Action item: When you copy from the entries that follow, take only the lines from the one with "Denunciamo, combattiamo, trasformiamo" down to the one with "今年以來,黃金累計上漲約70", keeping both ends and dropping every picture.

Supplied material:
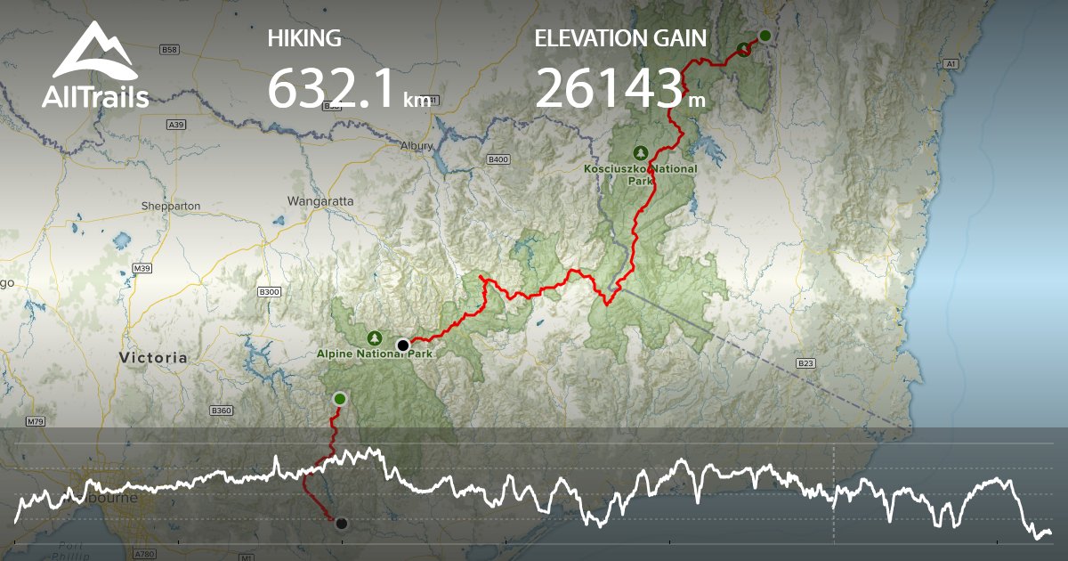 I missed four days of walking (70kms) from Benambra-Corryong Road to Langford Gap. I chose to skip Benambra-Corryong Road to Sunnyside because fires had started in the area around Omeo and we made the call to leave the area. The track was closed from Sunnyside to Madisons Hut site due to fires, so there was no option to do that section. We also missed the last three days from Easton Dam to Walhalla (57km) due to a car accident. We arrived back in Sydney on 30/12/19, just ahead of the horrific fires that started in the region we’d been in shortly after.
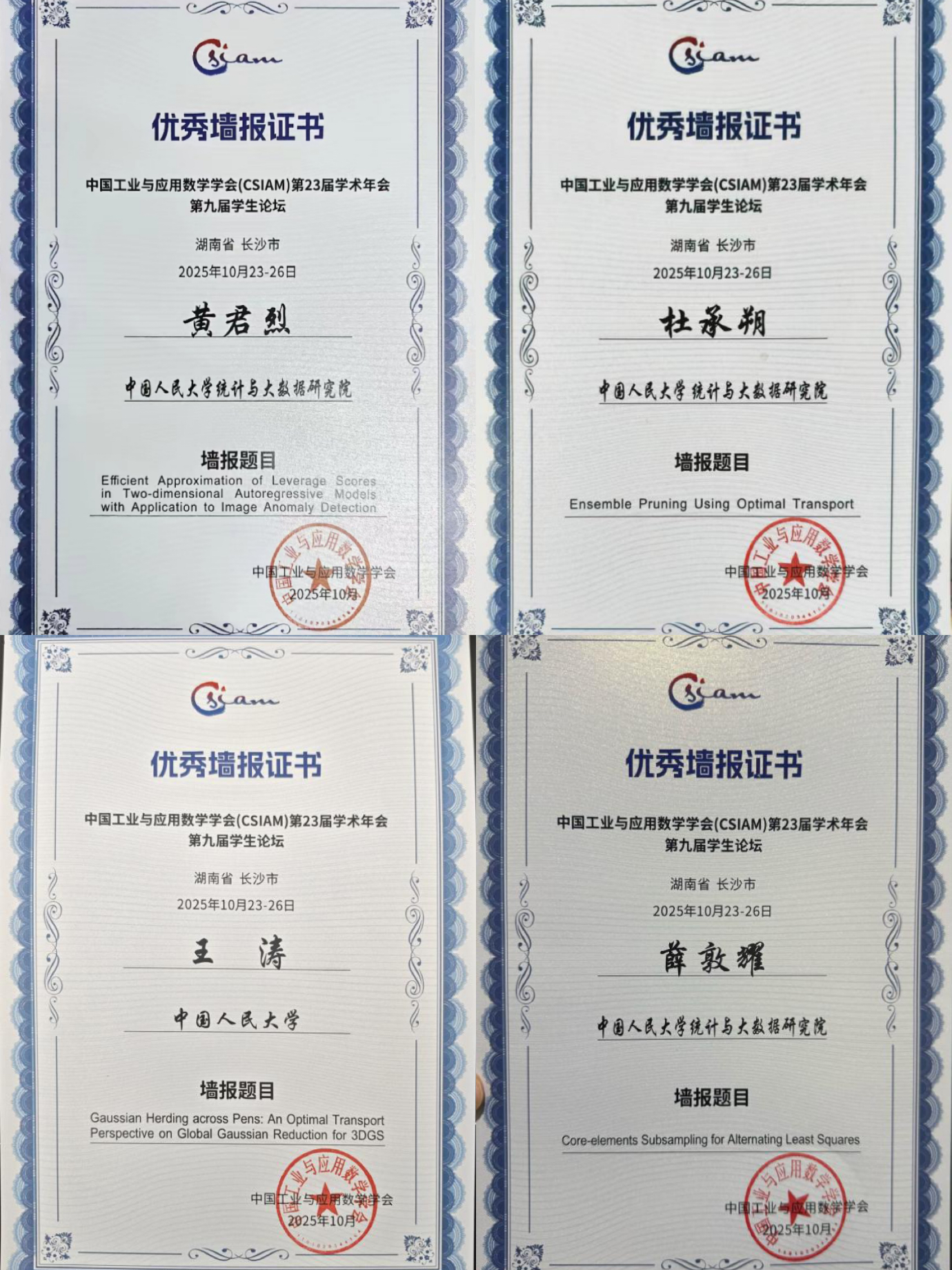 本届CSIAM学生论坛设有“墙报展示”交流环节,共有140余位学生参与此次展示,最新吃瓜 共有8名博士生入选,他们分别是康欣来、黄君烈、朱珺、杜承朔、王涛、欧阳夏雪、薛敦耀、林俊一。现场展开了广泛的学术交流和讨论。通过组织专家评审,共评出21份“优秀墙报”,并于论坛颁发证书。黄君烈、杜承朔、王涛、薛敦耀4位同学获此殊荣,获奖数量位列参赛单位首位。全部获奖名单见链接://mp.weixin.qq.com/s/NOSR8FM2d8wIGxZlZCVliQ
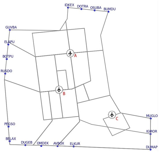 This article focuses on the Beijing multi-airport system (Beijing Metroplex Airport Group) in North China, illustrated in Figure 5, where A, B, and C denote Beijing Capital International Airport (ZBAA), Beijing Daxing International Airport (ZBAD), and Tianjin Binhai International Airport (ZBTJ), respectively. The blue dots represent the entrances to the terminal corridors. These airports collectively handle an annual passenger throughput exceeding 20 million, sharing multiple terminal control sectors, corridors, and arrival and departure flight procedures. This configuration results in a highly interconnected airspace resource system. Following a recent capacity assessment phase, there is an immediate need to allocate expanded resources for each airport’s capacity assessment.
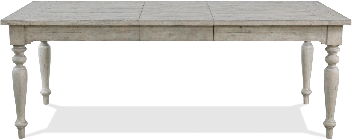 Featuring a cottage-style design and removable 18" leaf, the Riverside Furniture Hailey Rectangular Dining Table is constructed of solid Pine with natural woodgrain and a gray-wash Pebble finish. Matching dining pieces available for the complete Hailey collection.Read More
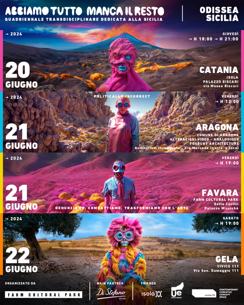 Denunciamo, combattiamo, trasformiamo con l’Arte. È questa l’ambizione di “Abbiamo Tutto Manca il Resto” la prima edizione della Quadriennale transdisciplinare diffusa dedicata alla Sicilia e organizzata da Farm Cultural Park con il supporto di Di Stefano, due realtà siciliane che nel corso di questi anni, in modi differenti, hanno cercato di raccontare la Sicilia contemporanea, lasciando da parte i luoghi comuni e gli stereotipi e dando spazio a chi ha scelto di restare in questa isola così controversa e di creare qualcosa di bello e di buono.
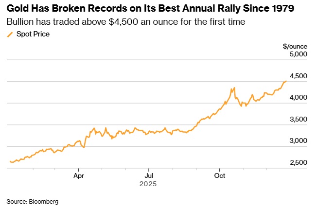 今年以來,黃金累計上漲約70%,白銀漲幅超過150%;兩者都有望創下自1979年以來的最佳年度表現。這輪火熱漲勢的支撐因素包括:各國央行持續高位增持、資金流入交易所交易基金(ETF),以及美聯儲連續三次降息。較低的借貸成本對不生息的貴金屬構成利好,交易員也在押注2026年還會進一步降息。
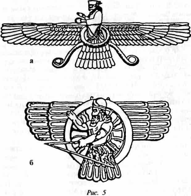 Кир оставил своим преемникам империю, объединившую в своих границах все прежние империи и царства, кроме одного. Шумер, Аккад, Вавилон и Ассирия в Месопотамии, Элам и Мидия на востоке, земли на севере; владения хеттов и греков в Малой Азии, Финикия, Ханаан и Филистия — все они теперь подчинялись одному суверенному царю и одному верховному божеству, Ахура-Мазде, Богу Истины и Света. На древних персидских рисунках (рис. 5а) он предстает бородатым богом, пересекающим небеса в Крылатом Диске — точно так же ассирийцы изображали своего главного бога Ашура (рис. 5б).
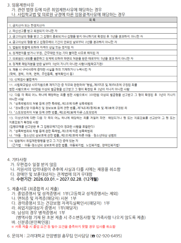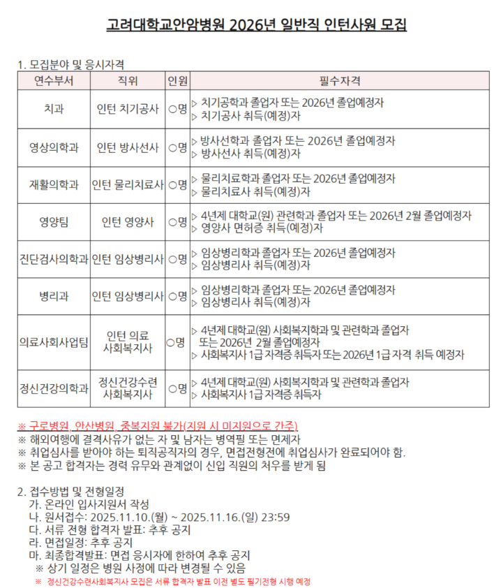 [안암병원]고려대학교안암병원 2026년 일반직 인턴사원 모집
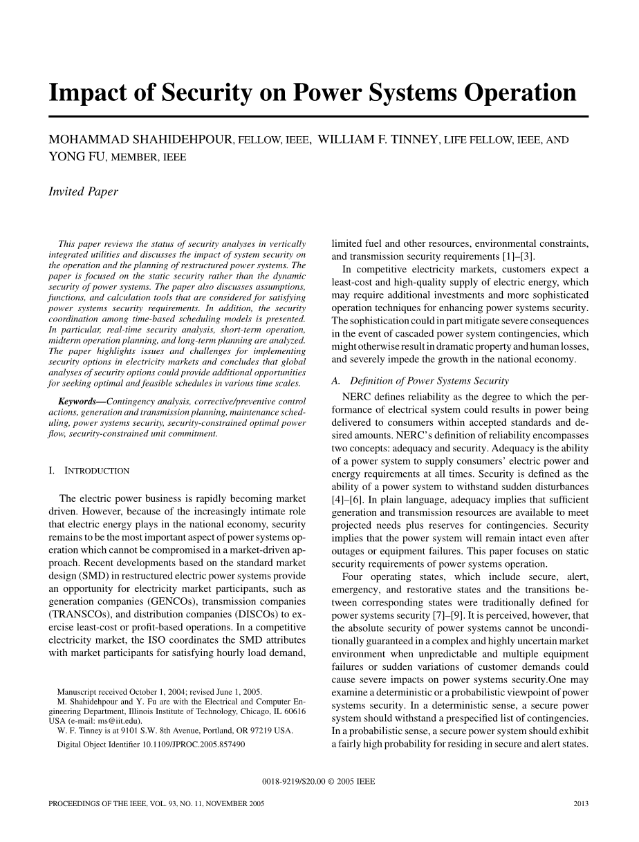关键词:事故分析,纠正/预防措施,发电和输电计划检修计划,电力系统的安全性,安全约束的最优潮流,安全装置

Exercise answer:
 Denunciamo, combattiamo, trasformiamo con l’Arte. È questa l’ambizione di “Abbiamo Tutto Manca il Resto” la prima edizione della Quadriennale transdisciplinare diffusa dedicata alla Sicilia e organizzata da Farm Cultural Park con il supporto di Di Stefano, due realtà siciliane che nel corso di questi anni, in modi differenti, hanno cercato di raccontare la Sicilia contemporanea, lasciando da parte i luoghi comuni e gli stereotipi e dando spazio a chi ha scelto di restare in questa isola così controversa e di creare qualcosa di bello e di buono.
 今年以來,黃金累計上漲約70%,白銀漲幅超過150%;兩者都有望創下自1979年以來的最佳年度表現。這輪火熱漲勢的支撐因素包括:各國央行持續高位增持、資金流入交易所交易基金(ETF),以及美聯儲連續三次降息。較低的借貸成本對不生息的貴金屬構成利好,交易員也在押注2026年還會進一步降息。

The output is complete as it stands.